Speaker 1: The wave of police raids against non-governmental organizations, foreign cultural organizations, and human rights groups continues in Russia with the latest targets the Helsinki Group and Memorial, Russia's oldest human rights organization.
Speaker 2: We are seeing a downright hunt for human rights groups. They want to force us to declare that we are foreign agents. They're hunting us down.
Molly: They went after Transparency International, the MacArthur Foundation, the election monitoring group Golos.
Joshua: This foreign agent legislation was continually expanded by the Kremlin to cover more and more groups and more and more segments of society.
Molly: In 2017, the law was expanded to specifically target the media. In the last few months, they've been on a spree.
Joshua: This all began in April first with the targeting of Meduza, an online publication that had been founded by journalists who had found themselves homeless during previous waves of media crackdown.
Molly: A media startup called VTimes was named a foreign agent, then the trickle became a stream, and then a river.
Joshua: Then came Proekt, then came an outlet called The Insider which specializes in data-driven investigations and often cooperates with Bellingcat. After that, we saw a TV Rain television channel which was the largest media outlet name to the foreign agent registry.
Molly: One of the most surprising things that happened in this time, the authorities started adding the names of individual journalists to the list. That's what happened to Sonya Groysman.
Sonya: To become a foreign agent in Russia, you have to publish something on social media or in a media publications and receive a financial transfer from abroad, that's all.

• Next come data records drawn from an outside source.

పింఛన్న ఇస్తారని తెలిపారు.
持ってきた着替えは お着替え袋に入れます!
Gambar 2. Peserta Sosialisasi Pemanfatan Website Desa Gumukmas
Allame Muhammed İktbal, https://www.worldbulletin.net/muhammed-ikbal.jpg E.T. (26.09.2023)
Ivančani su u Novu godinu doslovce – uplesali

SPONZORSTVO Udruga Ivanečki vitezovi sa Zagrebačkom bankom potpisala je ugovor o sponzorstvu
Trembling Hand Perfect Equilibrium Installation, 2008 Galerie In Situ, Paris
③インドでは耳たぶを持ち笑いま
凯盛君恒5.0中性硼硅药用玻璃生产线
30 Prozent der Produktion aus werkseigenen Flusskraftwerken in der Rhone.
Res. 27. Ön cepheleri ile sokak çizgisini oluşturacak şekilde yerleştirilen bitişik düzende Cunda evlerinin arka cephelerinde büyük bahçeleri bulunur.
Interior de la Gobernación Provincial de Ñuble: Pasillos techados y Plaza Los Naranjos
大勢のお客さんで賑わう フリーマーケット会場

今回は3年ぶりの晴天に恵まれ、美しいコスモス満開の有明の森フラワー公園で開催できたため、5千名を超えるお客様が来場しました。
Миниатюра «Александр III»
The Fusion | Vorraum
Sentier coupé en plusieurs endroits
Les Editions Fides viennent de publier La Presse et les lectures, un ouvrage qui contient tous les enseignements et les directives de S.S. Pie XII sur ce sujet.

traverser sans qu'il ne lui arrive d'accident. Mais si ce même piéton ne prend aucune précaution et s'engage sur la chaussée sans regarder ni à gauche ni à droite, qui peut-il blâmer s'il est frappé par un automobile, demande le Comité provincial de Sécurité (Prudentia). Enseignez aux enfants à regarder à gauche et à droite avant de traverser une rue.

Even if your-- I don't know, American grandma will send you $20 and you post something on social media, yes, you're a potential for an agent.
Alexey: The Russian foreign agent law was specifically designed to destroy you, drive you out of business.
Molly: Alexey Kovalev is an investigations editor at the news outlet Meduza. Brooke spoke to him when Meduza was first targeted.
Alexey: Not in one fell swoop like the government raids your offices and confiscates your electronics and arrests the journalists, no, it's not like that.
Molly: "It's the bureaucratic hoops you're forced to jump through," says Kovalev, that can be fatal for a news outlet.
Alexey: We have to put a massive ugly legal disclaimer on top of everything we publish. That includes all ads and promotional materials.
Molly: The disclaimer reads like a big scarlet letter of legalese. It says, "This news media/material was created and/or disseminated by a foreign mass media performing the functions of a foreign agent and/or a Russian legal entity performing the function of a foreign agent." The same rules apply to Sonya Groysman.
Sonya: Even if I post-- I don't know, flowers or my cat, I have to put this disclaimer.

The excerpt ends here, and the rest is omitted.